DES. TIBÚRCIO MARQUES - Relator
NOTAS TAQUIGRÁFICAS

Produziu sustentação oral, pelos apelados, a Drª. Flavianne Lopes Sales de Carvalho.

O SR. DES. TIBÚRCIO MARQUES:
VOTO
Cuida-se de Recurso de Apelação interposto por Bradesco Vida e Previdência S/A, nos autos da "Ação Ordinária de Cobrança", ajuizada por Marlisi Barbosa Melo Luz, Manoel Vitor Melo Luz e João Paulo Melo Luz, tendo em vista o seu inconformismo com os termos da sentença de fls. 82/85, que julgou procedente o pedido inicial.
Embargos de declaração interposto à fl. 87/88 e acolhidos à fl. 89 para que fosse sanado o erro material.
Sustenta que o Sr. Flávio Ramalho Luiz contratou um plano denominado "Multiplano" em 18.09.2002.
Afirma que o atraso no pagamento das parcelas acarretaria a suspensão do pagamento do pecúlio.
Alega que a parcela referente ao mês de janeiro de 2003 não foi paga na data aprazada, uma vez que não havia fundos na conta corrente do contratante.
Aduz que quando do falecimento do segurado (dia 15.02.2003) a parcela de janeiro de 2003 ainda não estava paga e consequentemente o pagamento do pecúlio estava suspenso.
Afirma ainda que foi efetuado o débito da parcela de janeiro de 2003 e das demais parcelas na conta corrente do de cujus, uma vez que a apelante desconhecia o falecimento do Sr. Flávio.
Alega que quando teve ciência do falecimento do segurado, as parcelas descontadas foram restituídas.
Cita o regulamento do plano, no qual afirma que o atraso no pagamento acarreta a suspensão do pagamento da indenização e não a extinção do contrato.
Aduz que a extinção do contrato ocorreria após um atraso superior a 90 (noventa) dias.
Alega ainda que a parcela de janeiro de 2003 somente foi paga após a morte do segurado.
Afirma que devem ser aplicadas as cláusulas do contrato e que estas não são abusivas. Cita os arts. 760 e 763 do código civil, o Decreto Lei 73/1966 e a Lei Complementar 109/2001.
Sustenta que a purgação da mora não tem efeito ex tunc e que nos termos do art. 476 do código civil, o pedido dos apelados não procedem.

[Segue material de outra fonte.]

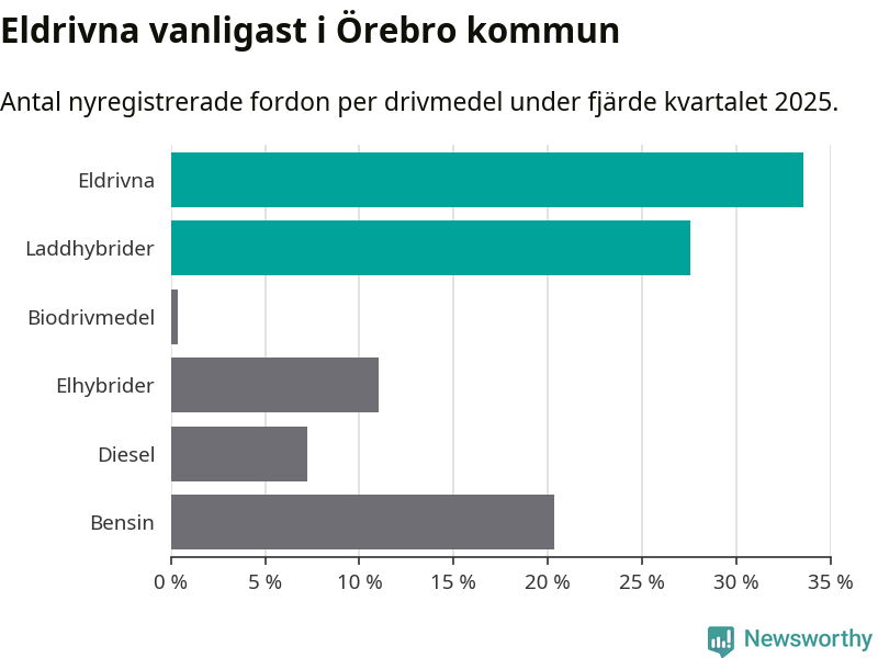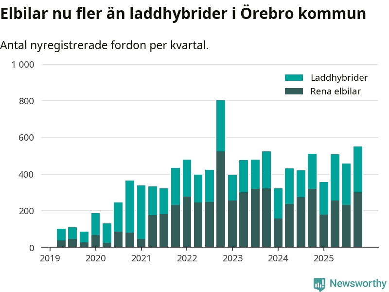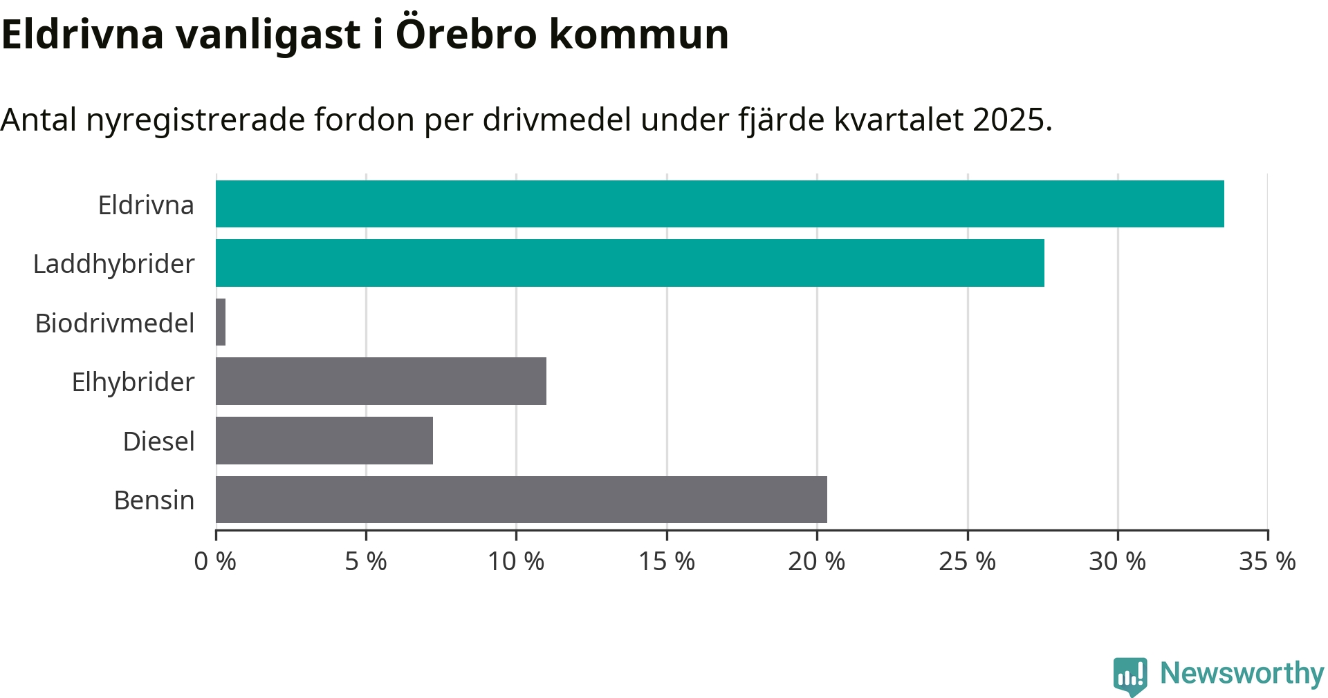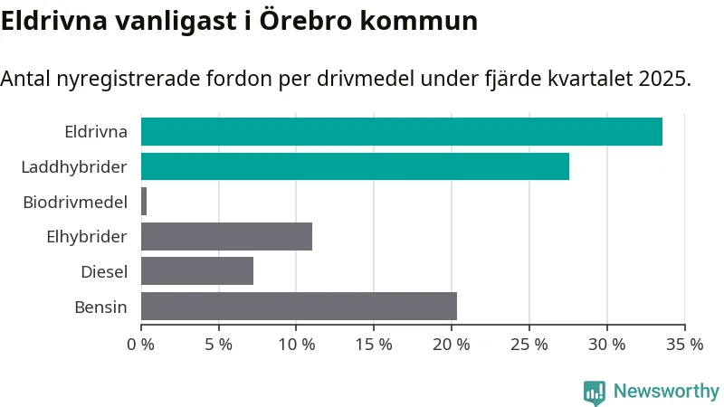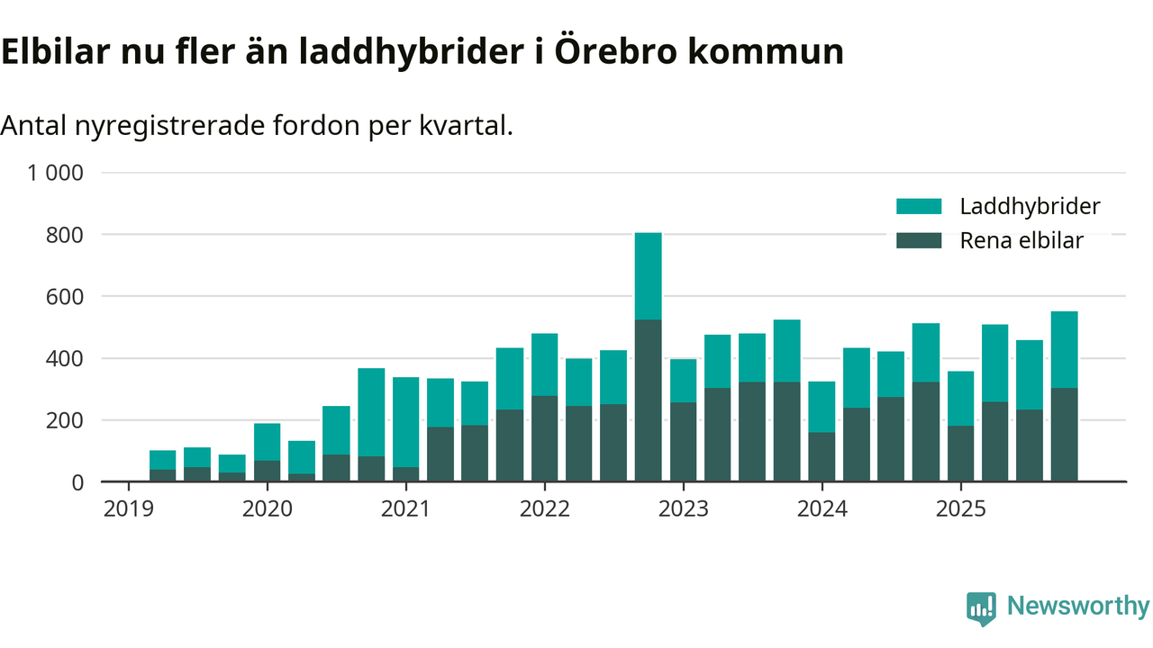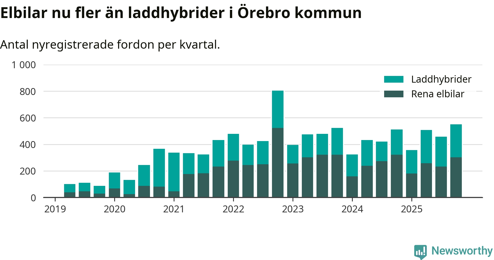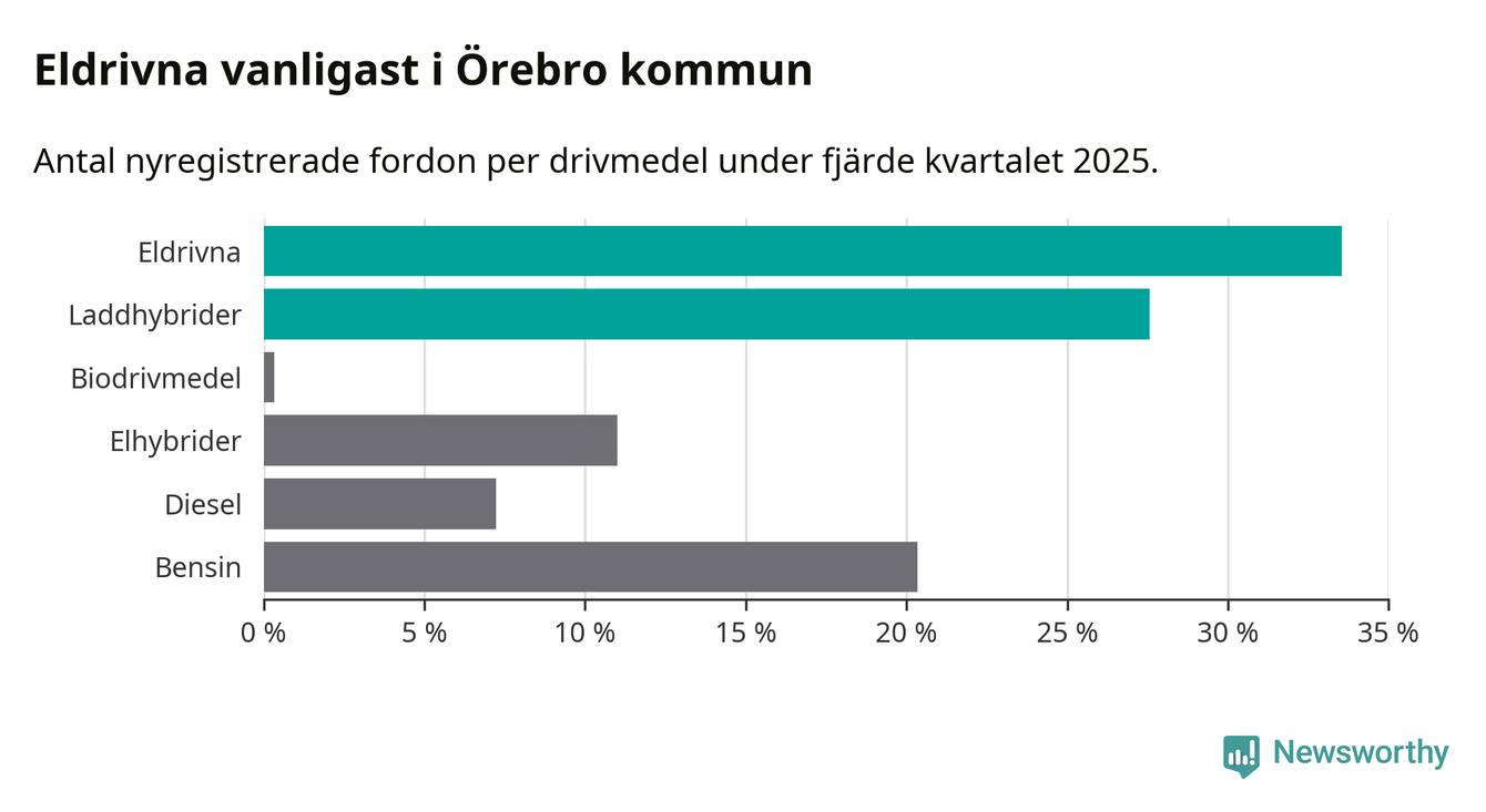 Under fjärde kvartalet 2025 var 61 procent av alla nyregistrerade personbilar i Örebro kommun laddbara (sammanlagt registrerades 900 nya bilar). Merparten av de laddbara bilarna var rena elbilar (34 procent av alla).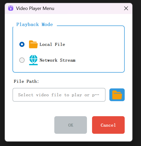 2、本地播放模块支持用户加载本地各类格式视频文件并流畅播放;网络播放模块可解析网络视频链接,实现在线播放;倍速控制模块提供 0.5 - 2.0 倍的播放速度调节,满足用户对视频播放节奏的不同需求;视频跳转模块允许用户通过时间轴或输入时间点快速跳转到视频任意位置,极大提升了视频观看的灵活性与效率。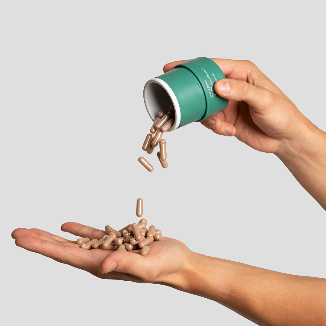 En bekväm daglig dos av tre kapslar som innehåller fruktextrakt, adaptogener och kliniskt bevisade ingredienser, som tros bidra till aspekter som återhämtning, immunitet och en känsla av föryngring.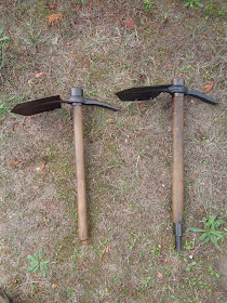 Here is a quick comparison of the Type 1 and Type II style handles (Helves), side-by-side. The same metal head was used on both, so they are interchangeable. Type I on the left, and Type II on the right.

Requer que seja dado provimento ao recurso para que seja julgado improcedente o pedido inicial.
Preparo realizado à fl. 105.
Os apelados apresentaram contrarrazões às fls. 108/114.
Afirmam que o contrato estava em vigência quando o segurado faleceu.
Citam várias decisões e alegam que o apelante recebeu as parcelas sem fazer qualquer ressalva.
Sustentam que não foram restituídas as parcelas. Pedem que seja negado provimento ao recurso.
Parecer da Procuradoria de Justiça às fl. 122/126.
É o breve relatório.
Conhece-se do recurso, porquanto presentes os pressupostos intrínsecos e extrínsecos de admissibilidade.
Trata-se de pedido de cobrança de indenização securitária.
Conforme documento de fl. 49, o Sr. Flávio Ramalho Luiz celebrou, em 18.09.2002, um contrato de pecúlio com regaste.
Pelo referido contrato, ocorrendo a morte do segurado, os beneficiários fariam jus a uma indenização.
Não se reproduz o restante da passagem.